Source data:
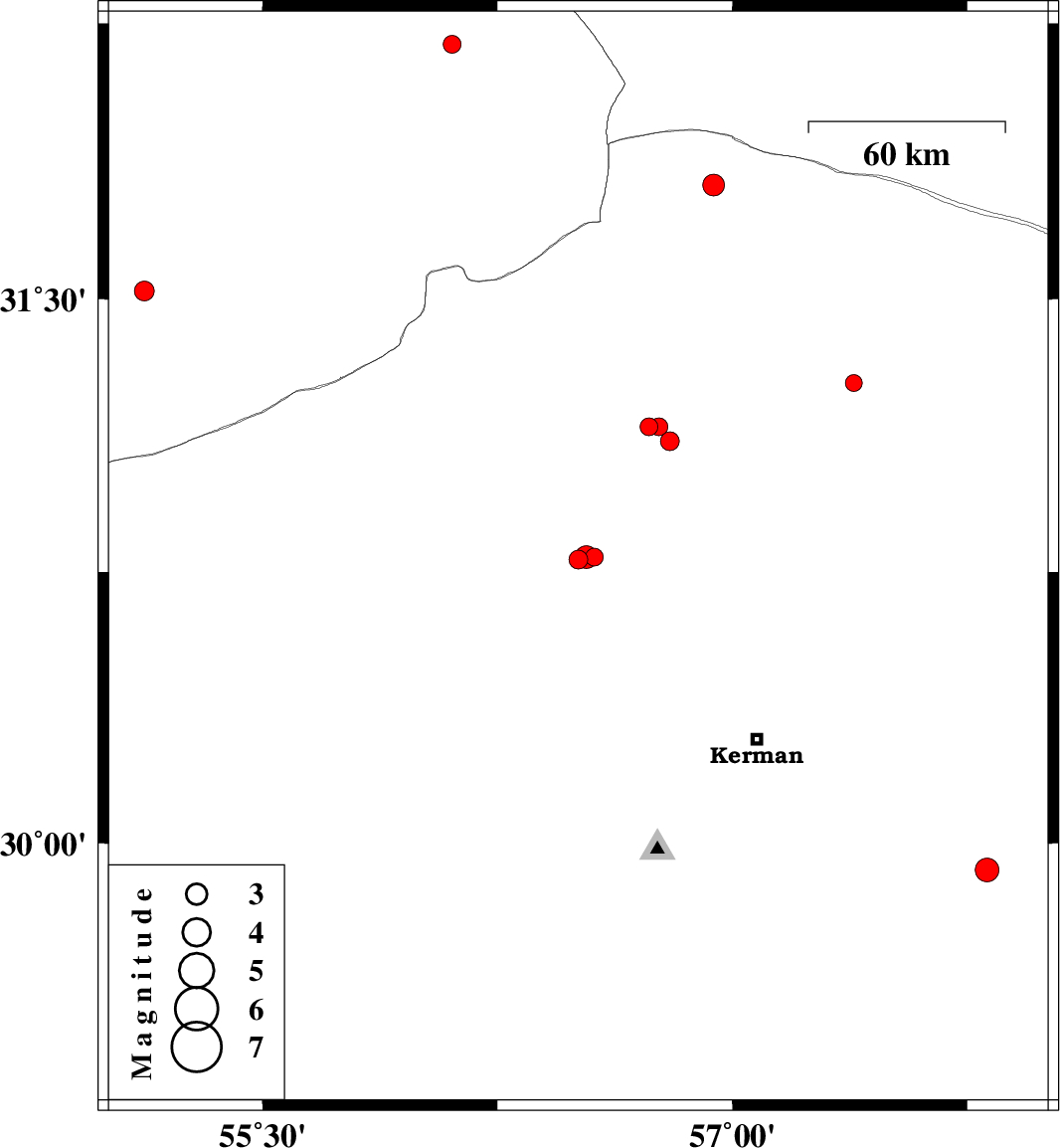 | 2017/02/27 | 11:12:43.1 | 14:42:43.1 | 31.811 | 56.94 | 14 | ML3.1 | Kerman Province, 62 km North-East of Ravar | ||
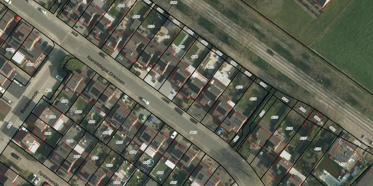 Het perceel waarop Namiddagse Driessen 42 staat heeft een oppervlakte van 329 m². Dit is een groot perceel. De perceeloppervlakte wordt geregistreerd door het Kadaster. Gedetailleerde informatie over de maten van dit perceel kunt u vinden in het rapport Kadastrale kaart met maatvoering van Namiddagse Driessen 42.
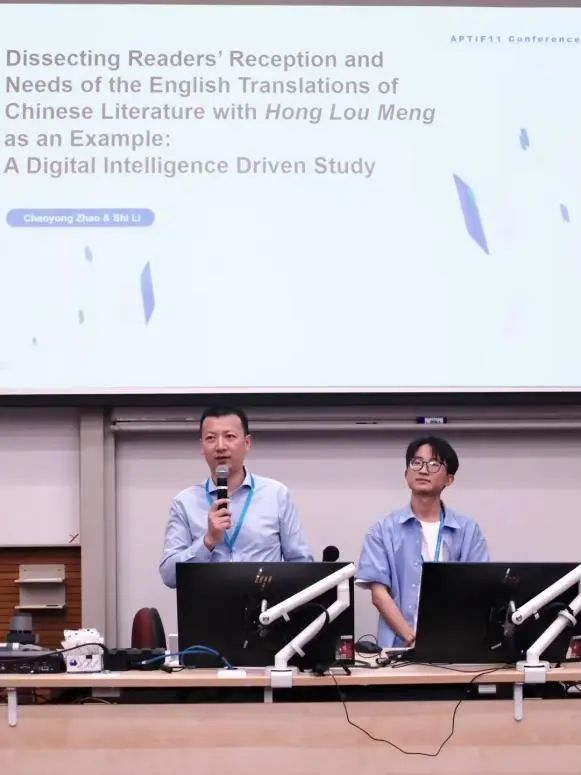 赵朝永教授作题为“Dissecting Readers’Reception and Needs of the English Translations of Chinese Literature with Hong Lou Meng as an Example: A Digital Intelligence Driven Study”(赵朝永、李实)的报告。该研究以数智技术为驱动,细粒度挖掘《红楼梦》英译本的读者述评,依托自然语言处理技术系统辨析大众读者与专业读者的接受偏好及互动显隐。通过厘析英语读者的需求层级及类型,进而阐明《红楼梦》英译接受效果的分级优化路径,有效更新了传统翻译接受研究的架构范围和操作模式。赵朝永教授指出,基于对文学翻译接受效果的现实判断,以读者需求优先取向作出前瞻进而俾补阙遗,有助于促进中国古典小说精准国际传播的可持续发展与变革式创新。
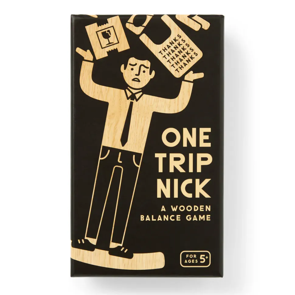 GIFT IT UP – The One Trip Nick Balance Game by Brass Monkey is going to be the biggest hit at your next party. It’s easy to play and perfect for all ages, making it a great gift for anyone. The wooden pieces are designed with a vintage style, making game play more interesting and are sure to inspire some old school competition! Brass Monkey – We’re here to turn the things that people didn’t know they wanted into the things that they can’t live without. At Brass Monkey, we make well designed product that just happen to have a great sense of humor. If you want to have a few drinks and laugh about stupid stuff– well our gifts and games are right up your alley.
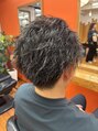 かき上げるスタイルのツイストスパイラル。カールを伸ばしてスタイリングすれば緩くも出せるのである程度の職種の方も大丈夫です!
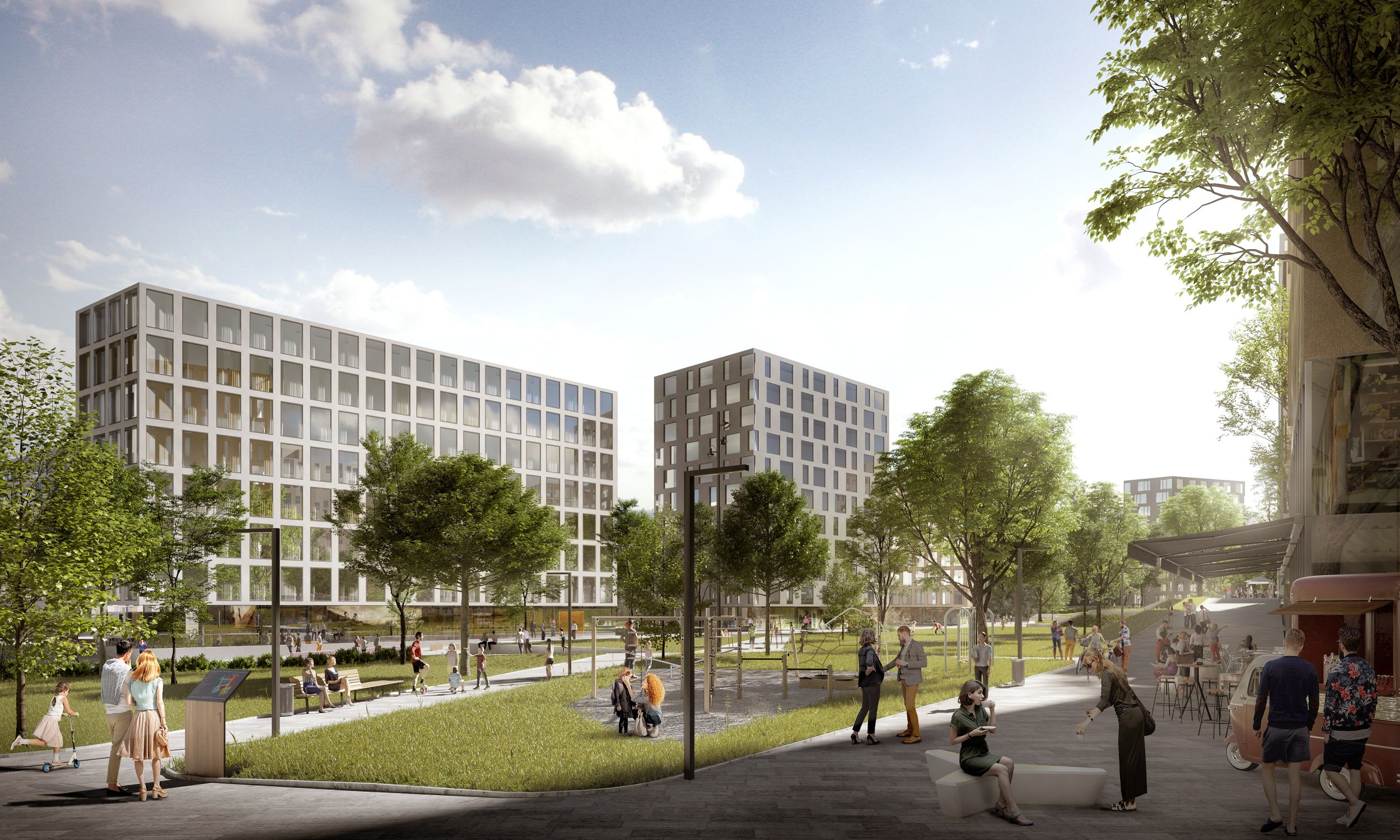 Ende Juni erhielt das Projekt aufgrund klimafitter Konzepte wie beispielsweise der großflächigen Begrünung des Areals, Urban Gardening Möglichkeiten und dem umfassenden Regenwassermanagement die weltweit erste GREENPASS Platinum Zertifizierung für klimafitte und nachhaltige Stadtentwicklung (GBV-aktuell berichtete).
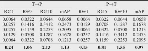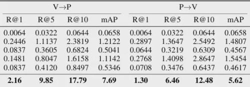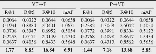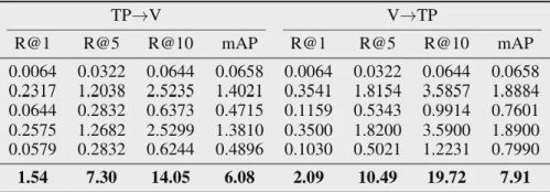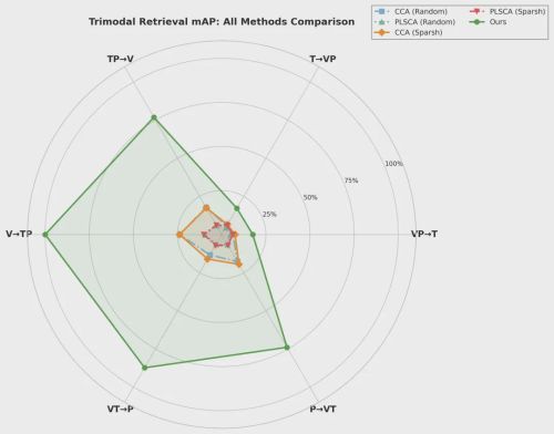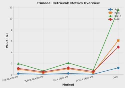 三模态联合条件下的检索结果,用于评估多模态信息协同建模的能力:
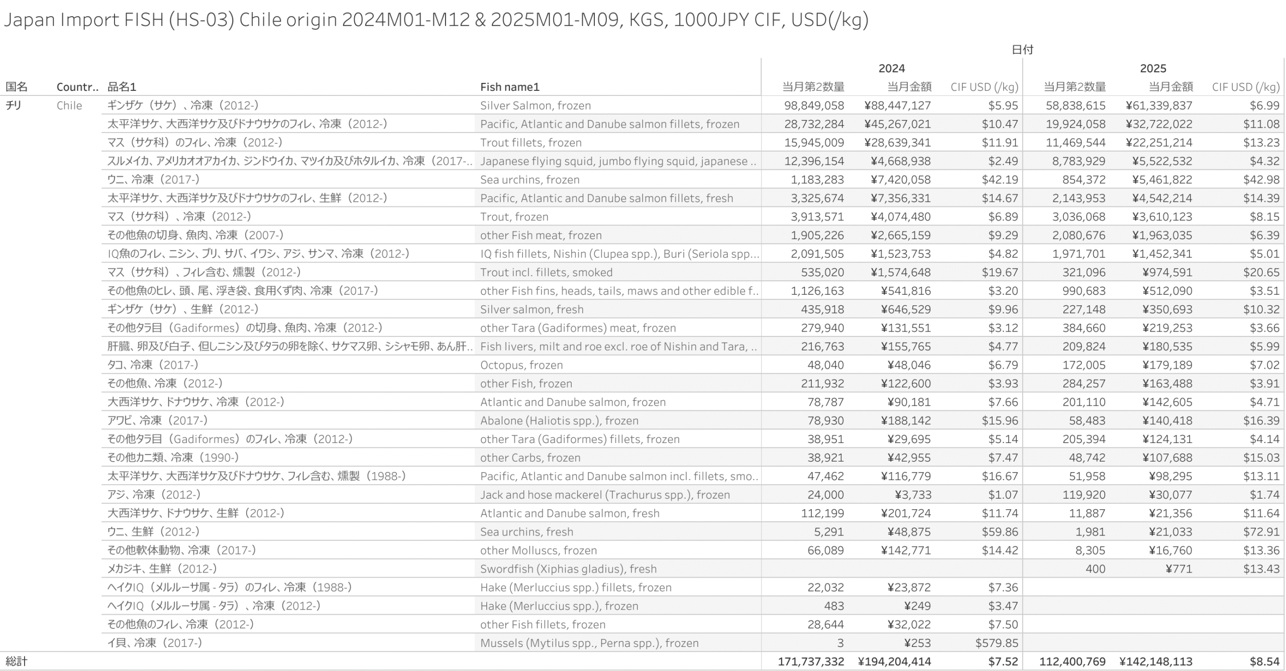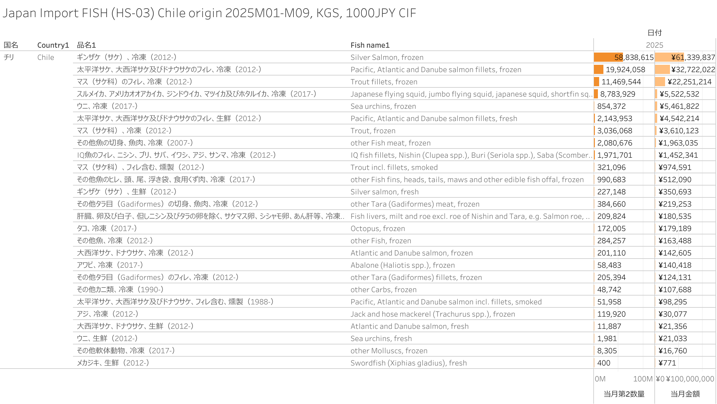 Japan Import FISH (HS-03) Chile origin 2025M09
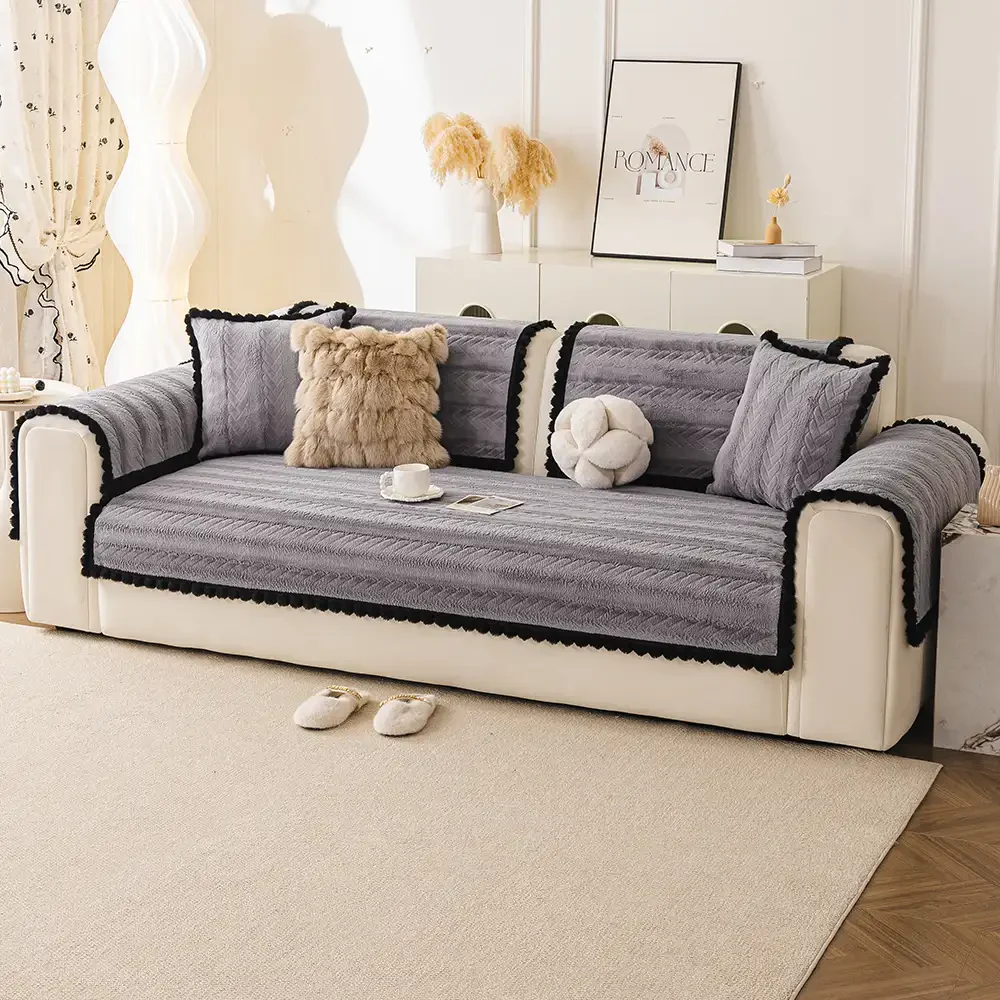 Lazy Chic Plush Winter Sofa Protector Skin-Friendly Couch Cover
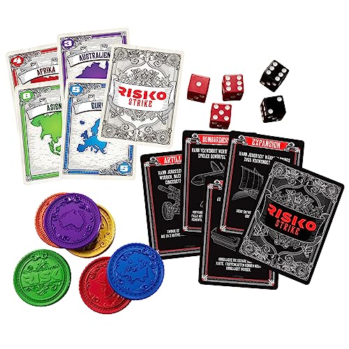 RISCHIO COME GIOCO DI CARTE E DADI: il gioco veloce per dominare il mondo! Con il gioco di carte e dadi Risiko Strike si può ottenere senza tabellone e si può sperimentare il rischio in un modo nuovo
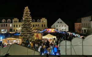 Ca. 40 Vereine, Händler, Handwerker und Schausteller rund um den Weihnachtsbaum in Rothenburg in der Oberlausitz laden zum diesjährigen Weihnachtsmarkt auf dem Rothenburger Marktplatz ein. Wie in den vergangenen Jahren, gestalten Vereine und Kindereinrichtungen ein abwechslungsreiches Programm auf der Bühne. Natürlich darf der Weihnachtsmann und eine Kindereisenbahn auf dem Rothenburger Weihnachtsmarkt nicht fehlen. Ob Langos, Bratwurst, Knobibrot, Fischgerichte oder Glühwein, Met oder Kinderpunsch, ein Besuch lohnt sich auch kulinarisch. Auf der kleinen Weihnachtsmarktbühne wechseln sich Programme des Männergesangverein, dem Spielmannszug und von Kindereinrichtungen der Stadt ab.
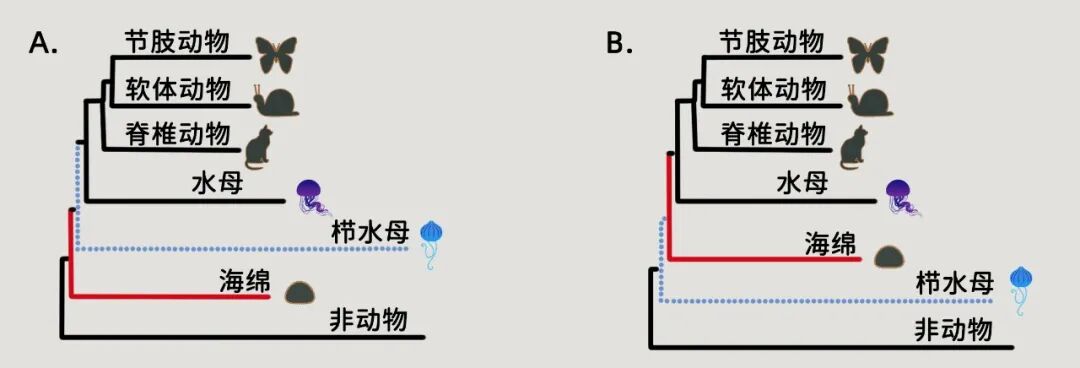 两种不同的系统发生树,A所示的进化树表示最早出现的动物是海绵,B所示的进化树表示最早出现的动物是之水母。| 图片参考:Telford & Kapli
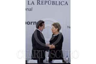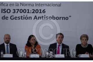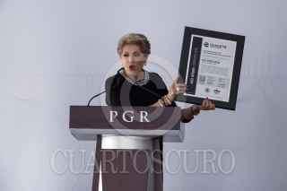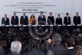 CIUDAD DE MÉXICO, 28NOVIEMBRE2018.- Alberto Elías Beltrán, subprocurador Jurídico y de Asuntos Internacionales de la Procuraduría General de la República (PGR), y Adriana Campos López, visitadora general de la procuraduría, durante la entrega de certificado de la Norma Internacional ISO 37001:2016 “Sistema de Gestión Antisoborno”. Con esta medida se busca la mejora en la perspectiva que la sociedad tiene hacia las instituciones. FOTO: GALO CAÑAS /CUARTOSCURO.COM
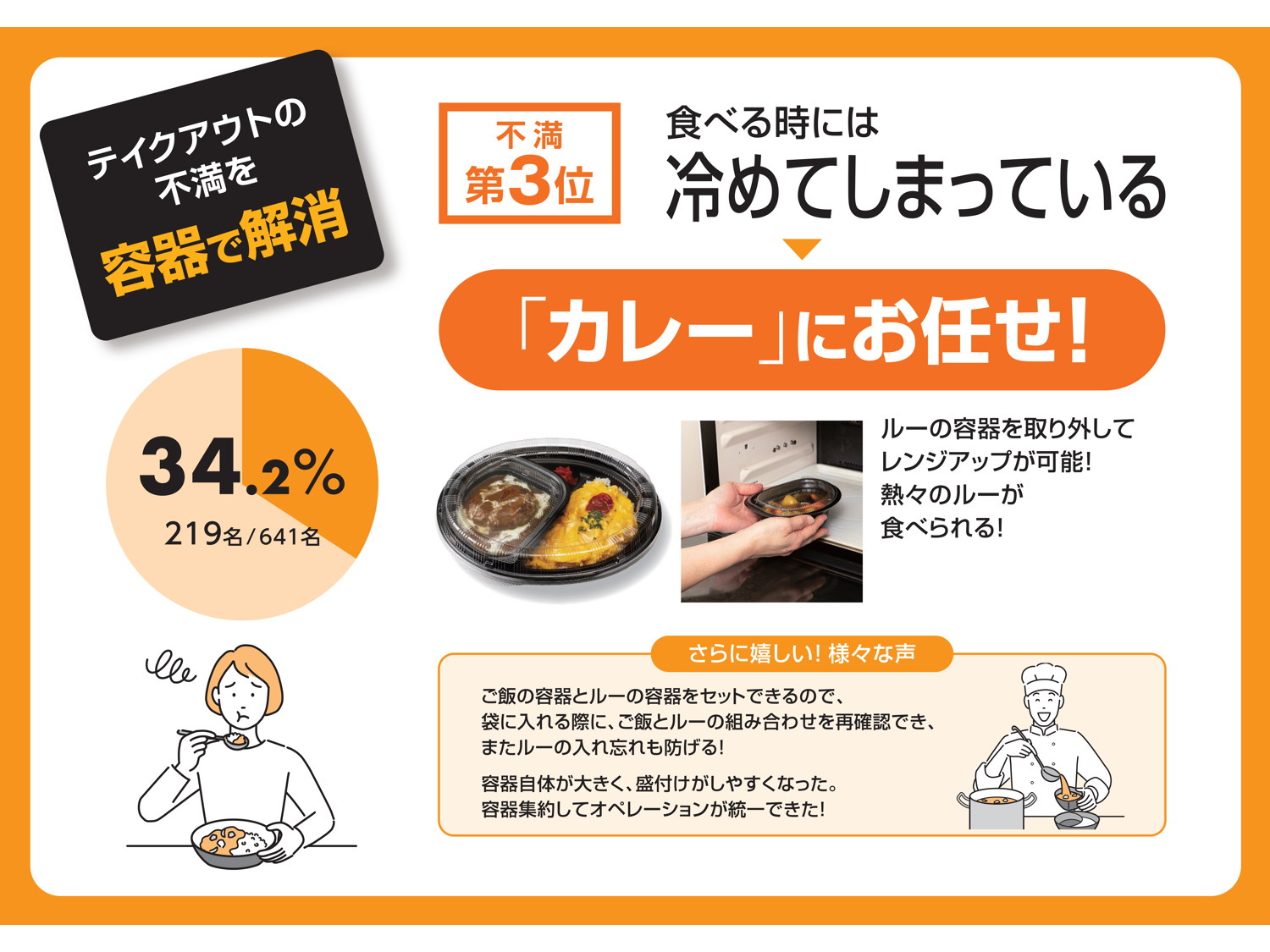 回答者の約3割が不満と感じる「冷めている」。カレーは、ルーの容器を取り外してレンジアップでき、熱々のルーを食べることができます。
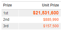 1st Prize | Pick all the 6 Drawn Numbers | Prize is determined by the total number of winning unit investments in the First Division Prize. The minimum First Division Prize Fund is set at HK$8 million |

» Task objective: Be exact. Write out all the entries and omit the pictures.

» Task result:
 | 2017/02/27 | 11:12:43.1 | 14:42:43.1 | 31.811 | 56.94 | 14 | ML3.1 | Kerman Province, 62 km North-East of Ravar | ||
 Het perceel waarop Namiddagse Driessen 42 staat heeft een oppervlakte van 329 m². Dit is een groot perceel. De perceeloppervlakte wordt geregistreerd door het Kadaster. Gedetailleerde informatie over de maten van dit perceel kunt u vinden in het rapport Kadastrale kaart met maatvoering van Namiddagse Driessen 42.
 赵朝永教授作题为“Dissecting Readers’Reception and Needs of the English Translations of Chinese Literature with Hong Lou Meng as an Example: A Digital Intelligence Driven Study”(赵朝永、李实)的报告。该研究以数智技术为驱动,细粒度挖掘《红楼梦》英译本的读者述评,依托自然语言处理技术系统辨析大众读者与专业读者的接受偏好及互动显隐。通过厘析英语读者的需求层级及类型,进而阐明《红楼梦》英译接受效果的分级优化路径,有效更新了传统翻译接受研究的架构范围和操作模式。赵朝永教授指出,基于对文学翻译接受效果的现实判断,以读者需求优先取向作出前瞻进而俾补阙遗,有助于促进中国古典小说精准国际传播的可持续发展与变革式创新。
 GIFT IT UP – The One Trip Nick Balance Game by Brass Monkey is going to be the biggest hit at your next party. It’s easy to play and perfect for all ages, making it a great gift for anyone. The wooden pieces are designed with a vintage style, making game play more interesting and are sure to inspire some old school competition! Brass Monkey – We’re here to turn the things that people didn’t know they wanted into the things that they can’t live without. At Brass Monkey, we make well designed product that just happen to have a great sense of humor. If you want to have a few drinks and laugh about stupid stuff– well our gifts and games are right up your alley.
 かき上げるスタイルのツイストスパイラル。カールを伸ばしてスタイリングすれば緩くも出せるのである程度の職種の方も大丈夫です!
 Ende Juni erhielt das Projekt aufgrund klimafitter Konzepte wie beispielsweise der großflächigen Begrünung des Areals, Urban Gardening Möglichkeiten und dem umfassenden Regenwassermanagement die weltweit erste GREENPASS Platinum Zertifizierung für klimafitte und nachhaltige Stadtentwicklung (GBV-aktuell berichtete).
 三模态联合条件下的检索结果,用于评估多模态信息协同建模的能力:
 Japan Import FISH (HS-03) Chile origin 2025M09
 Lazy Chic Plush Winter Sofa Protector Skin-Friendly Couch Cover
 RISCHIO COME GIOCO DI CARTE E DADI: il gioco veloce per dominare il mondo! Con il gioco di carte e dadi Risiko Strike si può ottenere senza tabellone e si può sperimentare il rischio in un modo nuovo
 Ca. 40 Vereine, Händler, Handwerker und Schausteller rund um den Weihnachtsbaum in Rothenburg in der Oberlausitz laden zum diesjährigen Weihnachtsmarkt auf dem Rothenburger Marktplatz ein. Wie in den vergangenen Jahren, gestalten Vereine und Kindereinrichtungen ein abwechslungsreiches Programm auf der Bühne. Natürlich darf der Weihnachtsmann und eine Kindereisenbahn auf dem Rothenburger Weihnachtsmarkt nicht fehlen. Ob Langos, Bratwurst, Knobibrot, Fischgerichte oder Glühwein, Met oder Kinderpunsch, ein Besuch lohnt sich auch kulinarisch. Auf der kleinen Weihnachtsmarktbühne wechseln sich Programme des Männergesangverein, dem Spielmannszug und von Kindereinrichtungen der Stadt ab.
 两种不同的系统发生树,A所示的进化树表示最早出现的动物是海绵,B所示的进化树表示最早出现的动物是之水母。| 图片参考:Telford & Kapli
 CIUDAD DE MÉXICO, 28NOVIEMBRE2018.- Alberto Elías Beltrán, subprocurador Jurídico y de Asuntos Internacionales de la Procuraduría General de la República (PGR), y Adriana Campos López, visitadora general de la procuraduría, durante la entrega de certificado de la Norma Internacional ISO 37001:2016 “Sistema de Gestión Antisoborno”. Con esta medida se busca la mejora en la perspectiva que la sociedad tiene hacia las instituciones. FOTO: GALO CAÑAS /CUARTOSCURO.COM
 回答者の約3割が不満と感じる「冷めている」。カレーは、ルーの容器を取り外してレンジアップでき、熱々のルーを食べることができます。
 1st Prize | Pick all the 6 Drawn Numbers | Prize is determined by the total number of winning unit investments in the First Division Prize. The minimum First Division Prize Fund is set at HK$8 million |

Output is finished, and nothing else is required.